Berdasarkan pemaparan yang telah dijelaskan diatas, maka dapat ditarik kesimpulan bahwa Atas persetujuan kyai Hasim Asyari NU lahir pada tahun 1926 yang di pelopori oleh Wahab Hasbulloh, yang sebelumnya membentuk gerakan-gerakan seperti Nahdatul Waton, dan sebagainya. Organisasi NU, bertujuan  menjungjung tinggi nilai tradisional khususnya di bidang keagamaan dan motif nasionalisme.
Peran NU dalam pembentukan Negara Republik Indonesia, berperan penting dan tercermin dalam gerakan Nahdatul Waton sebelum NU lahir, Nahdatul Waton sendiri bertujuan untuk menanamkan masyarakat Indonesia supaya tumbuh jiwa-jiwa nasionalismenya. Nahdatul Waton berdiri pada 1916 yang didirikan oleh Wahab Hasbuloh di Surabaya,. Baru pada tahun 1926 dimana pada tahun itu Nu lahir, perjuangan NU terhadap pengusiran penjajah terejawantahkan dalam perlawanan-perlawanan terhadap colonial Belanda mengenai hukum keagamaan yang terintervensi oleh Belanda. Perjuangan pengusiran Belanda tidak hanya sampai disitu diempat tahun kelahiran NU, NU berani menentang kebijakan colonial Belanda yang melarang peredaran buku-buku di dalam pondok pesantren dan madrasah serta menyanyikan lagu kebangsaan di akhir kegiatan belajar mengajar.

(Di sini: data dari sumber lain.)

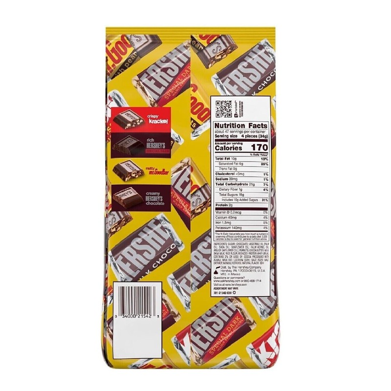 There's something for everyone in this HERSHEY'S Miniatures assortment. Find miniature versions of all your favorite HERSHEY'S chocolate bars in one sweet bag, including HERSHEY'S milk chocolate bars, HERSHEY'S SPECIAL DARK mildly sweet chocolate bars, KRACKEL chocolate candy with crisped rice and MR. GOODBAR chocolate candy with peanuts. Enjoy delicious candy classics individually wrapped for lasting freshness and convenience all year long. Perfect for lunch boxes, movie nights, game nights, snack breaks, sharing moments and candy dishes at home and in the office, these milk and dark chocolate miniatures will keep your snacking fun and simple.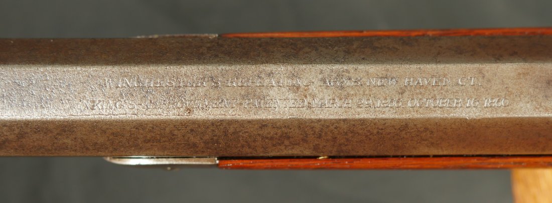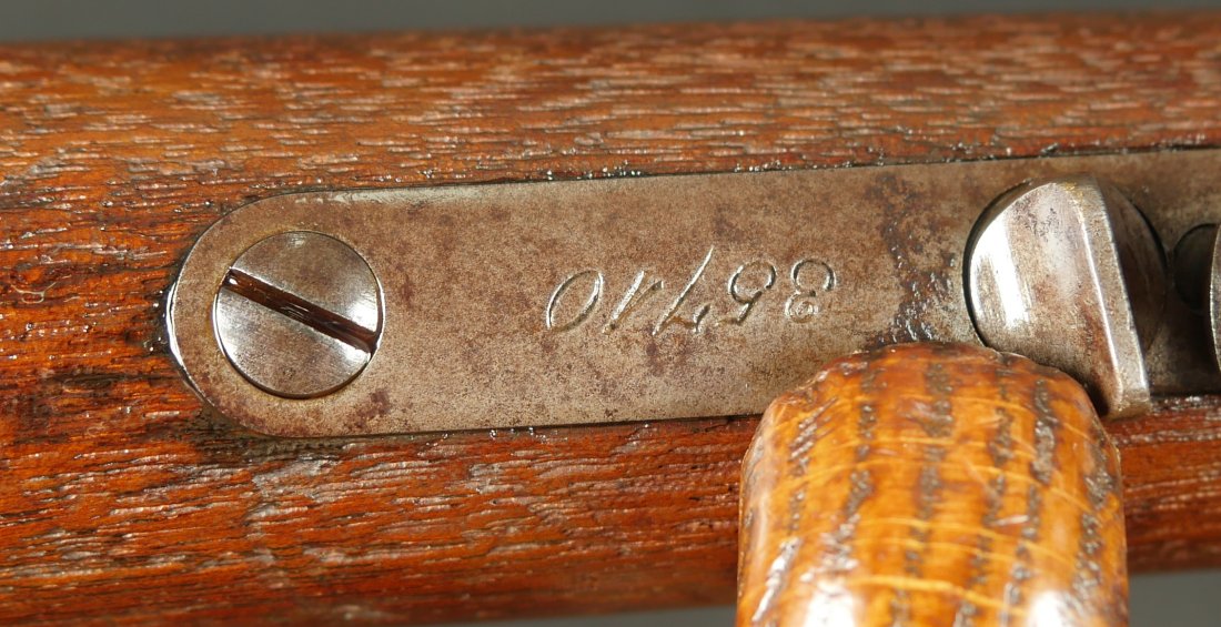 GR-0326-6857, Winchester Model 1873 2nd Model with thumb print dust cover. Special order 28 inch overlength. BUY NOW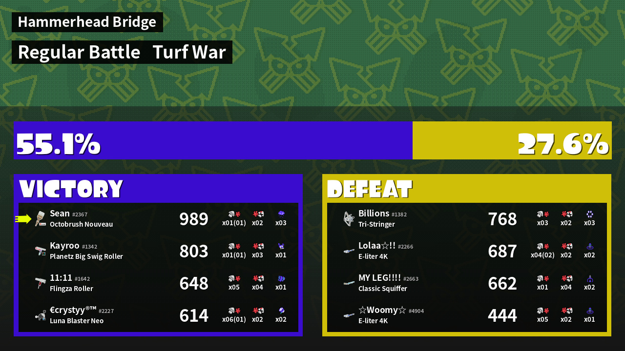 | Medals | #1 Turf Inker #1 Splat Assister #1 Ink Consumer | ||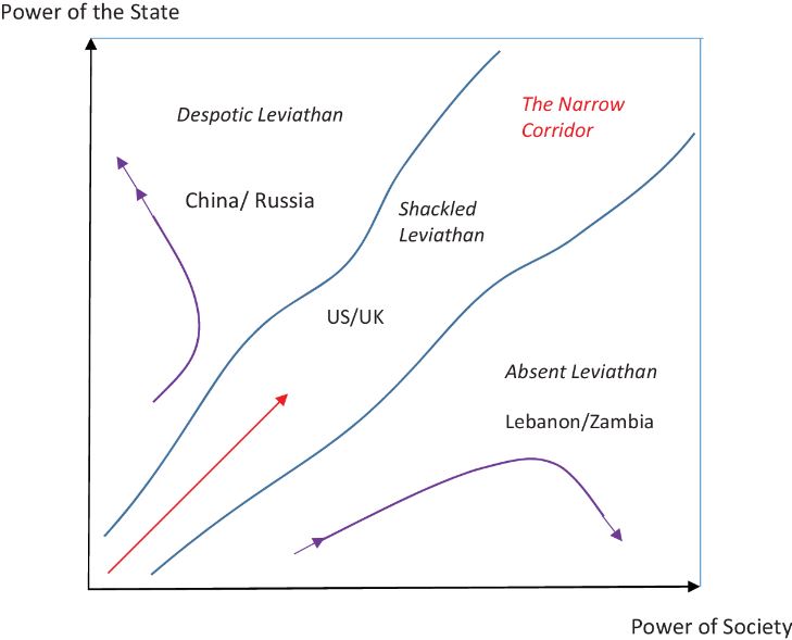 A country like Congo or Somalia has no perceivable State. Such regions are under the spell of the Absent Leviathan. Countries like China and North Korea have an extremely powerful State apparatus and can be categorized as the Despotic Leviathan. Between these two lie a narrow corridor wherein lies the modern liberal state in the form of the Shackled Leviathan.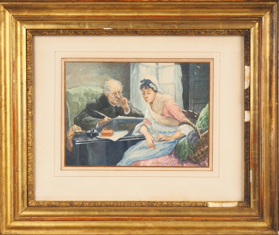 PASCAL JULES. "le vieil homme et la domestique" Aquarelle, signée en bas à droite et datée 1906 Dim. 19 x 26,5 cm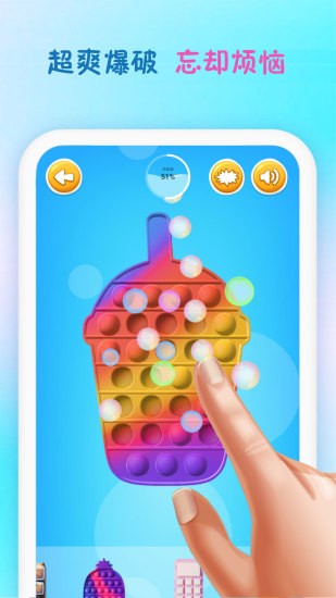 可以选择各种不同的泡泡模板进行体验,点击鼓起的泡泡可以将其压下去,快速的滑动点击将其全部压完之后可以将其反面再次挤压,可以更换鱼、爱心、恐龙等各种模板,保证放松。
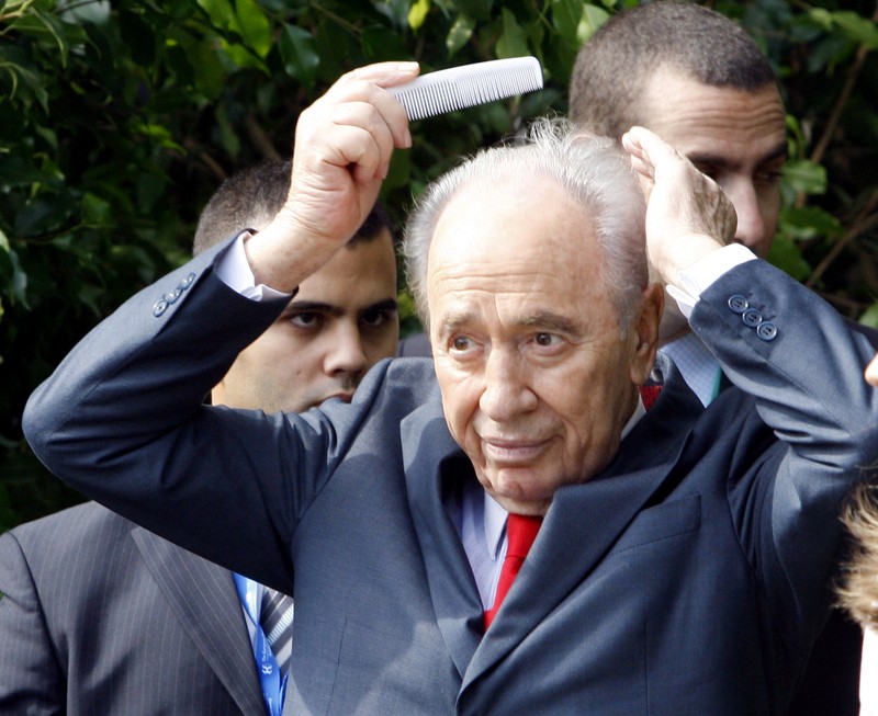 Ngày 6/9/2008, tổng thống Israel khi đó là Shimon Peres tham gia hội nghị các nhà lãnh đạo chính trị thương mại. Trong ảnh, ông Peres đang lấy lược chải đầu.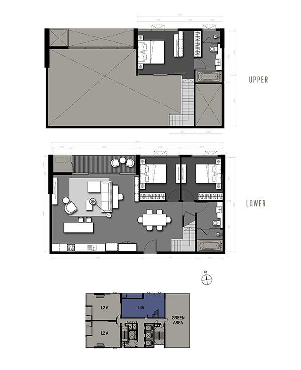 แบบ L3A 3 Bedrooms Duplex / 127.5 sq.m. Sky Lofts Zone (32 - 37 Fl.)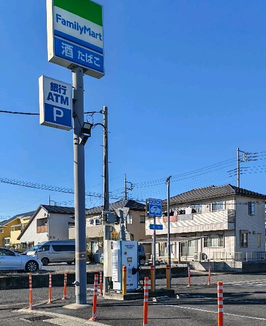 所沢方面のバイパス沿いのファミマに設置された 充電器です。 隣にはコープがありますので お昼休みとか買い物がある場合に利用しやすい場所です。

Dalam masa persiapan kemerdekaan NU juga berperan penting terhadap persatuan dan kesatuan Republik Indonesia, dengan memperjuangkan Ketuhanan Yang Maha Esa pada piagam Jakarta, yang pada waktu itu menjadi perdebatan sengit mengenai dicantumkannya syariat Islam pada piagam Jakarta yang dianggap salah satu perpecahan karena banyak penganut agama diluar Islam yang turut andil dalam pembentukan NKRI. Walaupun demikian sikap NU bukan berrati menjauhi ajaran Islam akan tetapi lebih kepada subtansi dari nilai ajran Islam bukan hanya skriptual yang terletak di piagam Jakarta tersebut.


DAFTAR PUSTAKA
                               

1.         Ismatullah Deddy, Gatara Sahid, A.A ; Ilmu Negara Mutahir ‘Kekuasaan, Masyarakat, Hukum dan Agama (Bandung`:Pustaka Attabdir : 2006).
2.         Anwar Ali; “Avonturisme” NU.(Bandung: Hunaniora:2004).
3.         Feillard Andree:NU vis-à-vis Negara”Pencarian Isi, Bentuk, dan Makna”.(Yogyakarta:LKIS:2009).